_Requirement_: Write out again the lines from the line with "아주자동차대학 신성호 총장의" up to and including the line with "Wir beschließen noch", exactly as they stand below, and skip any picture.

_Source data_:
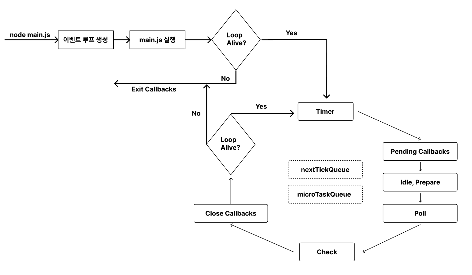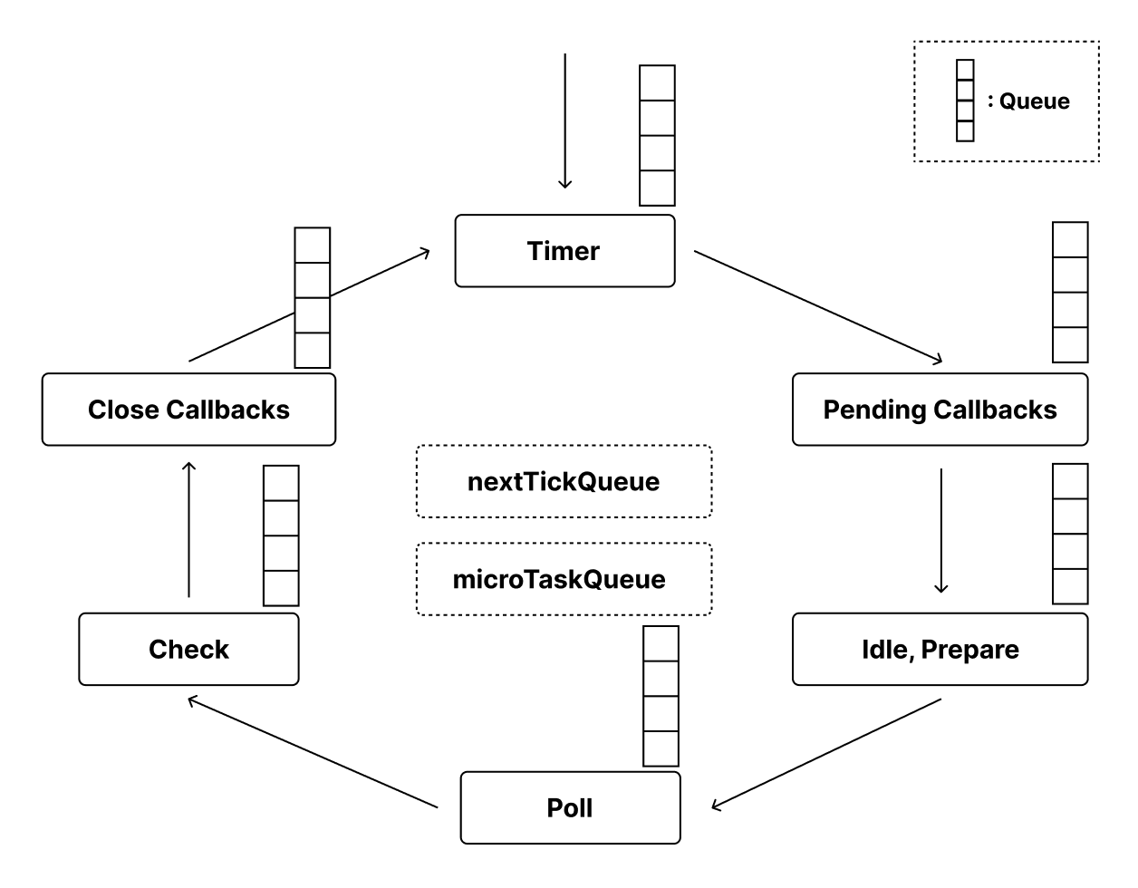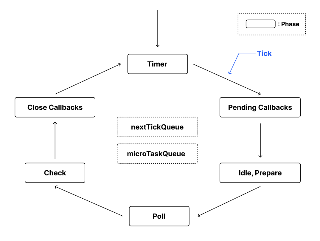 위 그림 중, 점선으로 구성된 nextTickQueue와 microTaskQueue는 이벤트 루프를 구성하는 요소는 아니다. 하지만 Node.js의 비동기 관리 작업을 도와주며, 이벤트 루프의 동작 방식에 영향을 미친다.
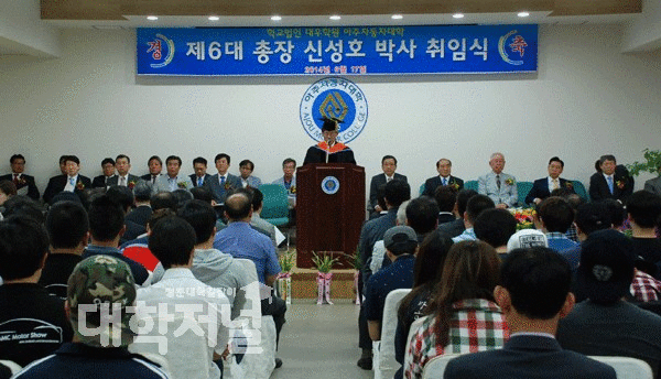 아주자동차대학 신성호 총장의 취임식이 17일 교내 자동차연구센터 2층 대강당에서 열렸다. 신 신임총장은 이날 취임식을 시작으로 오는 2018년까지 4년간 아주자동차대를 이끌게 된다.
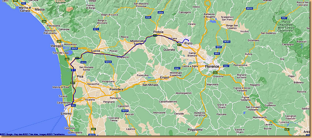 Wir beschließen noch rund 100 km zu fahren und stehen nun für heute Nacht auf einem riesigen Parkplatz im Zentrum von Prato. Es herrscht hier wieder orange Zone, aber wahrscheinlich ist der Grossteil der sonst offenen CP bzw. Stellplätze geschlossen und ein Platz in der Stadt ist auf alle Fälle besser als eine Übernachtung auf einer Autobahnraststätte. |
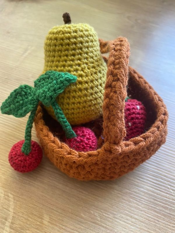 Vous trouverez dans le petit panier : une poire, des cerises et une jolie fraise ! (les éléments peuvent être vendus séparément sur demande à [email protected]).

_Response_:
 아주자동차대학 신성호 총장의 취임식이 17일 교내 자동차연구센터 2층 대강당에서 열렸다. 신 신임총장은 이날 취임식을 시작으로 오는 2018년까지 4년간 아주자동차대를 이끌게 된다.
 Wir beschließen noch rund 100 km zu fahren und stehen nun für heute Nacht auf einem riesigen Parkplatz im Zentrum von Prato. Es herrscht hier wieder orange Zone, aber wahrscheinlich ist der Grossteil der sonst offenen CP bzw. Stellplätze geschlossen und ein Platz in der Stadt ist auf alle Fälle besser als eine Übernachtung auf einer Autobahnraststätte. |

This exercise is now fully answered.